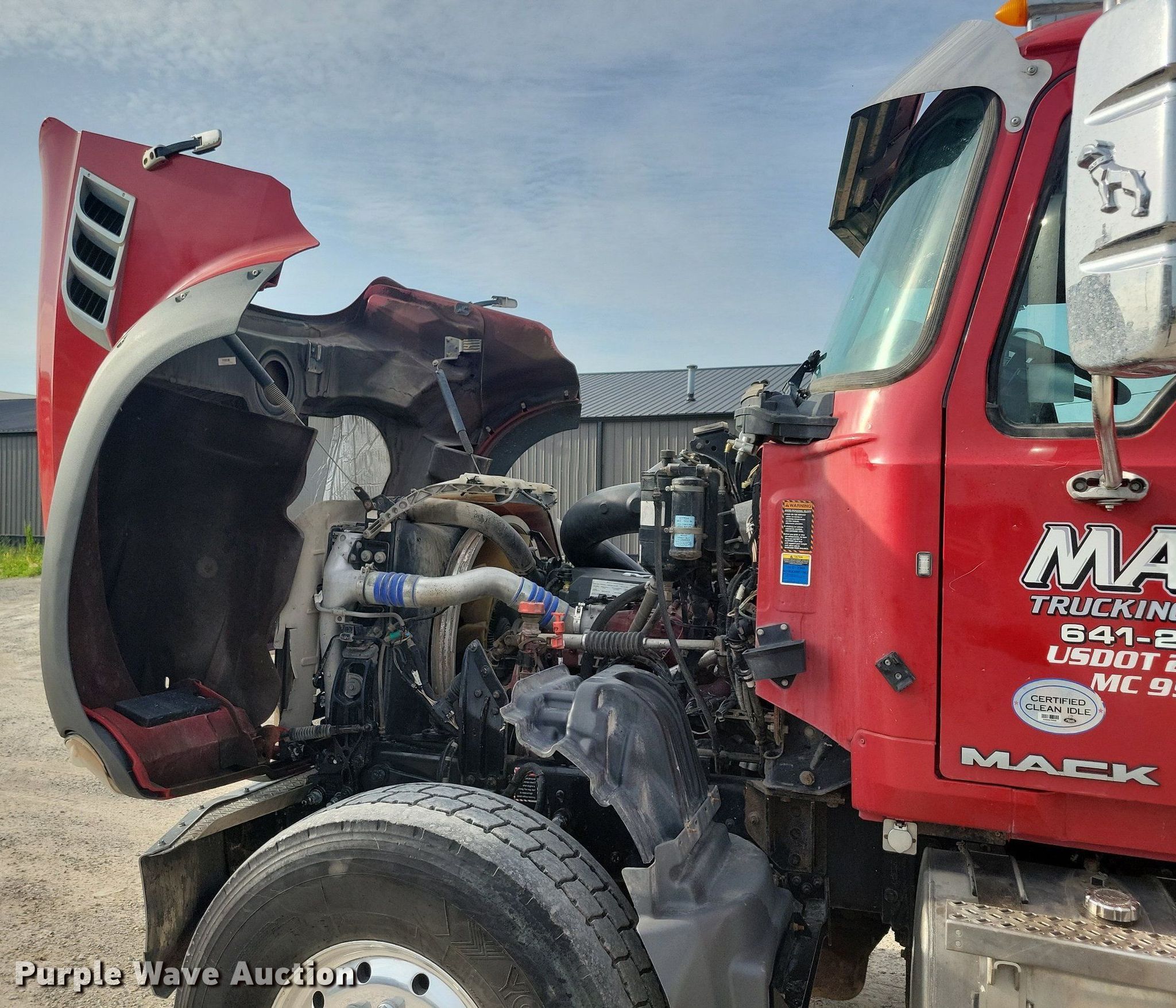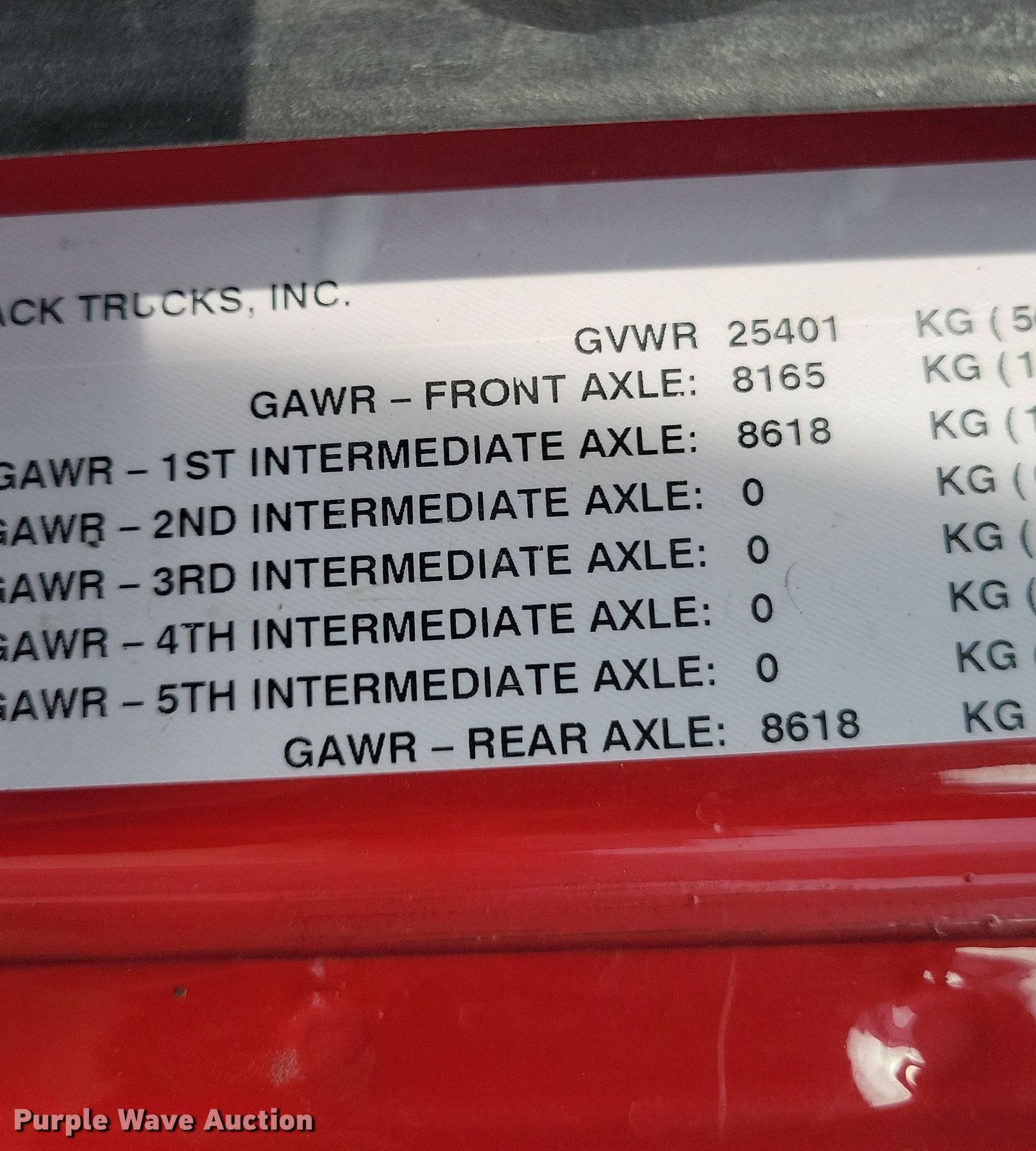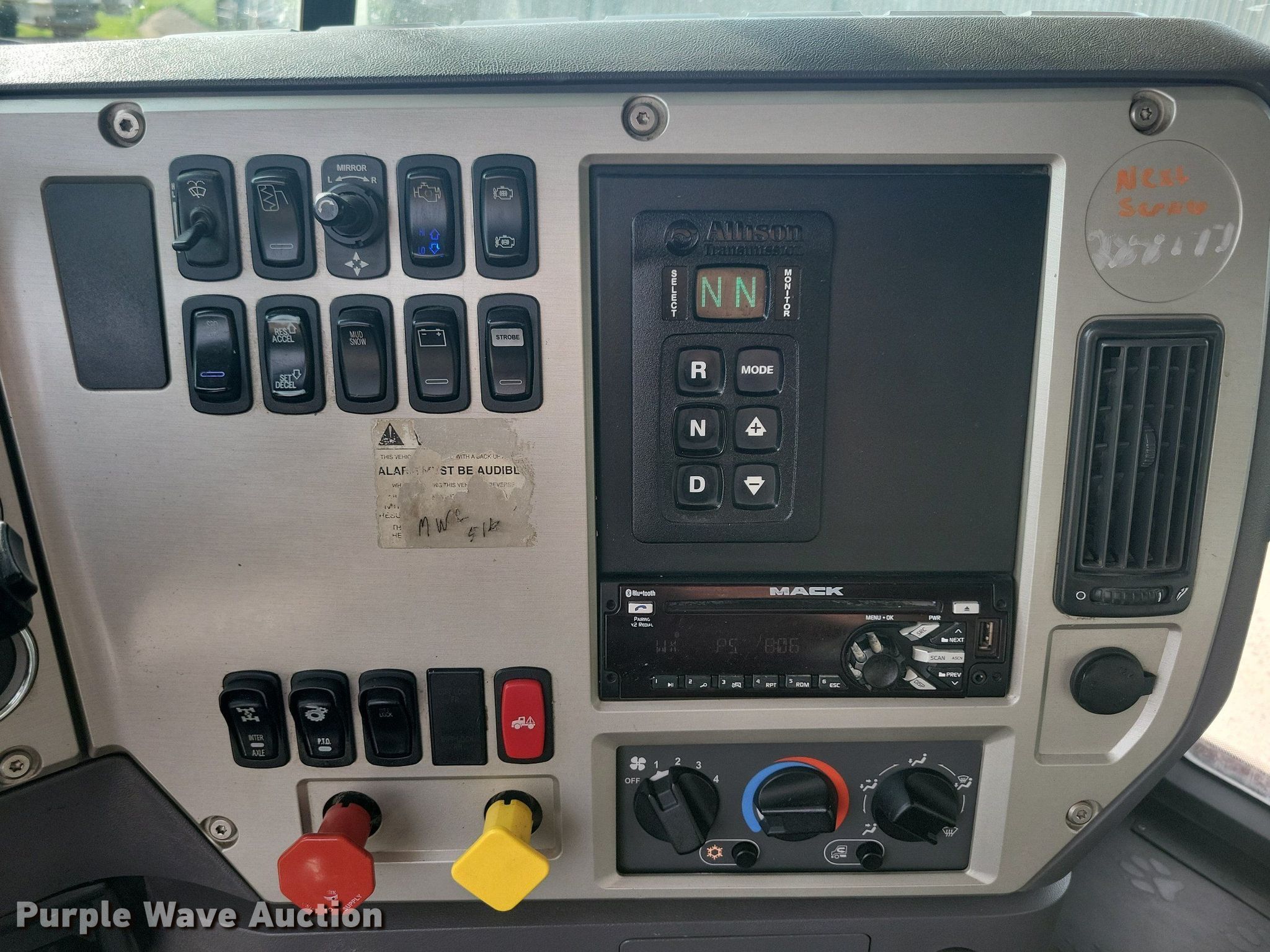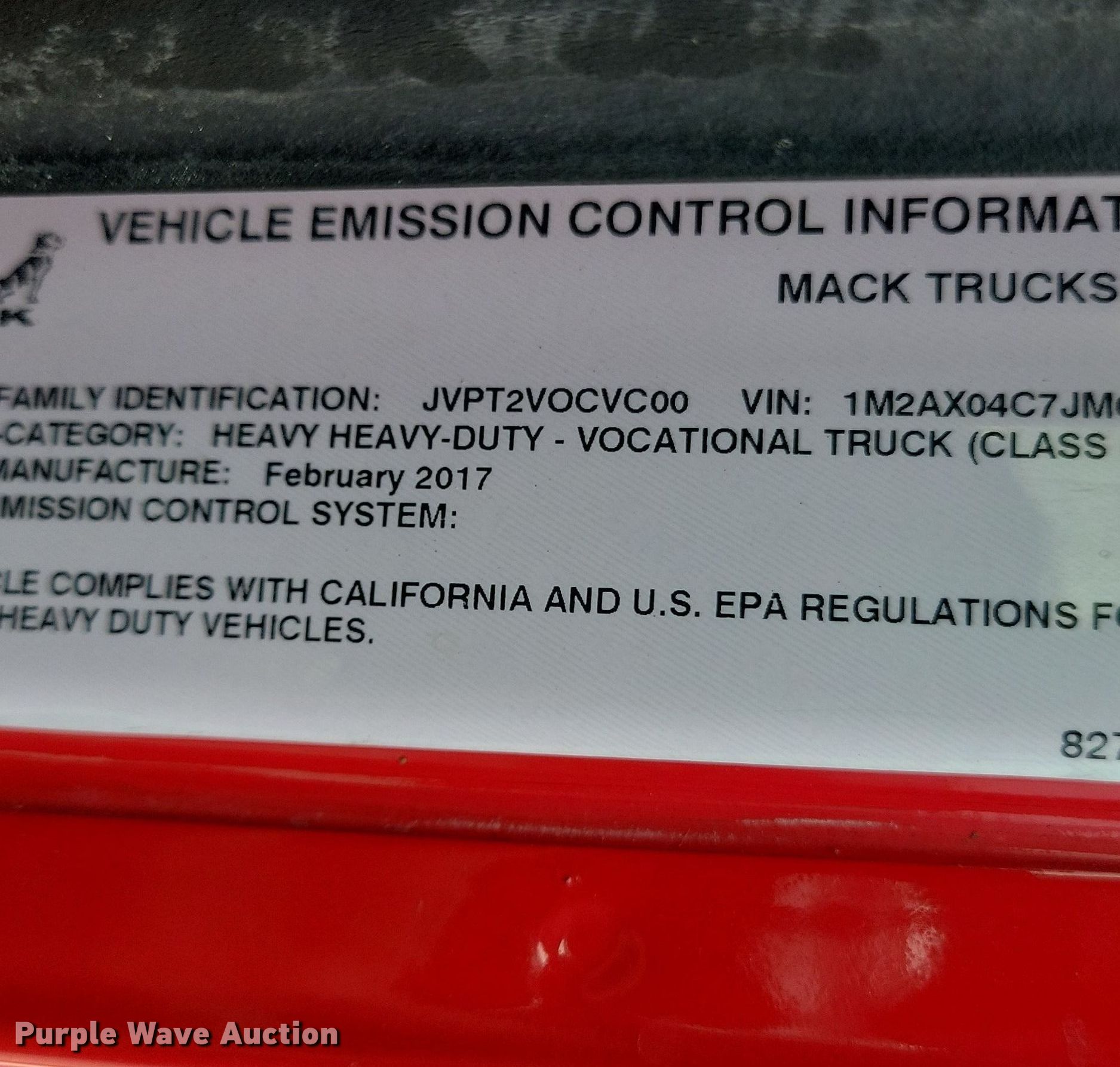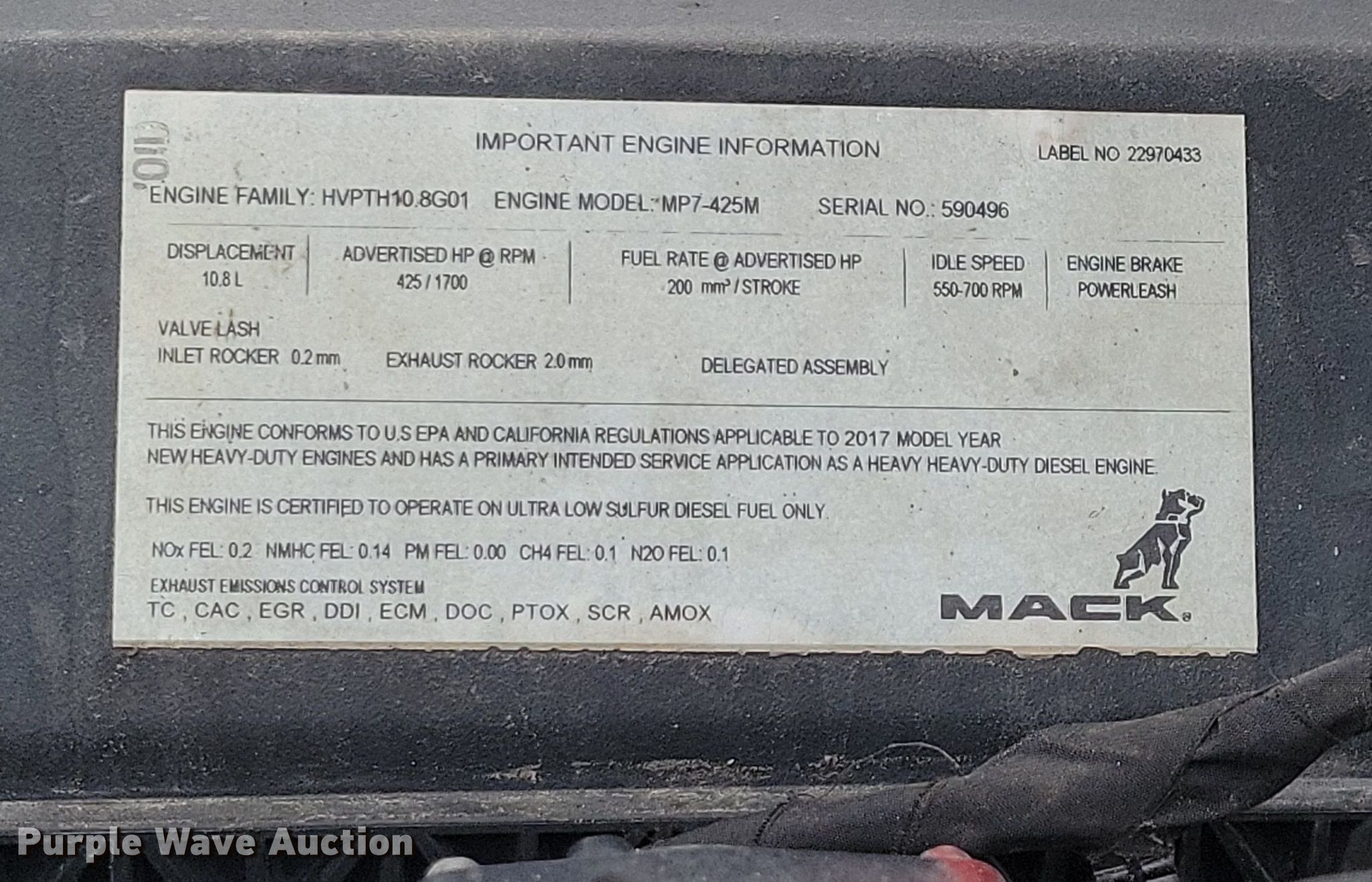 2018 Mack GU713 dump truck. Miles: 318,887 on odometer, Miles or hours may vary, unit still in use, Hours: 12,405 on meter, VIN: 1M2AX04C7JM037430. Engine Mack MP-7, Serial: 590496, Displacement: 10.8L, Cylinders: 6, Fuel type: Diesel, HP: 425, Engine brake. Transmission Allison, Automatic. Chassis Axles: 4, Pusher axle Steerable, Differential lock: Inter-axle, Suspension: Camelback, Brakes: Air, PTO, GVWR: 56,000 lbs FAWR: 18,000 lbs, IAWR: 19,000 lbs, RAWR: 19,000 lbs. Interior AC, Heat, Heated mirrors, Power windows, Cruise control, Brake controller. Features Dump bed J Craft, 19' L x 96" W, Side height: 42", Side board height: 8", Bed type: Steel, Bed vibrator, Ram: Single, End gate: Air operated, Double wall. Tires Front: 425/65R22.5, Rear: 11R22.5, Lift axle: 255/70R22.5. Notes Non-operational bed vibrator. Iowa title. TK Concrete Inc. Pella, IA 50219
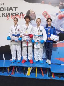 — Ніжніченко Богдан 3 місце куміте хлопці 10-11 років понад 44 кг;
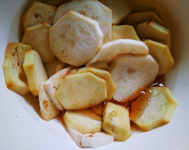 Нарежьте баклажан небольшими брусочками, по желанию можно нарезать сначала кружочками, затем каждый кружочек разрезать пополам. Замочите баклажан в солёной воде, это позволит избавиться от горечи и далее, в процессе обжаривания, баклажан будет впитывать меньше масла.
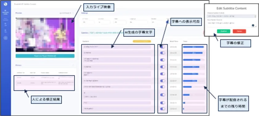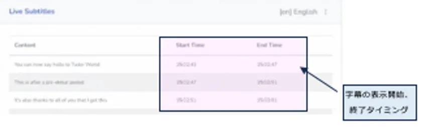 通常、ライブ中に人手で会話内容を字幕化して配信する場合、テレビのニュース番組の字幕のように、音声が流れた後、しばらくしてから字幕が表示されますが、当社の字幕機能では、AIで認識された音声の発生タイミングを正確に記録することで、字幕の表示位置を音声の発生タイミングに同期させて表示することができます。

Task description:
From the material above, copy everything exactly but the pictures.

Answer to this exercise:
 2018 Mack GU713 dump truck. Miles: 318,887 on odometer, Miles or hours may vary, unit still in use, Hours: 12,405 on meter, VIN: 1M2AX04C7JM037430. Engine Mack MP-7, Serial: 590496, Displacement: 10.8L, Cylinders: 6, Fuel type: Diesel, HP: 425, Engine brake. Transmission Allison, Automatic. Chassis Axles: 4, Pusher axle Steerable, Differential lock: Inter-axle, Suspension: Camelback, Brakes: Air, PTO, GVWR: 56,000 lbs FAWR: 18,000 lbs, IAWR: 19,000 lbs, RAWR: 19,000 lbs. Interior AC, Heat, Heated mirrors, Power windows, Cruise control, Brake controller. Features Dump bed J Craft, 19' L x 96" W, Side height: 42", Side board height: 8", Bed type: Steel, Bed vibrator, Ram: Single, End gate: Air operated, Double wall. Tires Front: 425/65R22.5, Rear: 11R22.5, Lift axle: 255/70R22.5. Notes Non-operational bed vibrator. Iowa title. TK Concrete Inc. Pella, IA 50219
 — Ніжніченко Богдан 3 місце куміте хлопці 10-11 років понад 44 кг;
 Нарежьте баклажан небольшими брусочками, по желанию можно нарезать сначала кружочками, затем каждый кружочек разрезать пополам. Замочите баклажан в солёной воде, это позволит избавиться от горечи и далее, в процессе обжаривания, баклажан будет впитывать меньше масла.
 通常、ライブ中に人手で会話内容を字幕化して配信する場合、テレビのニュース番組の字幕のように、音声が流れた後、しばらくしてから字幕が表示されますが、当社の字幕機能では、AIで認識された音声の発生タイミングを正確に記録することで、字幕の表示位置を音声の発生タイミングに同期させて表示することができます。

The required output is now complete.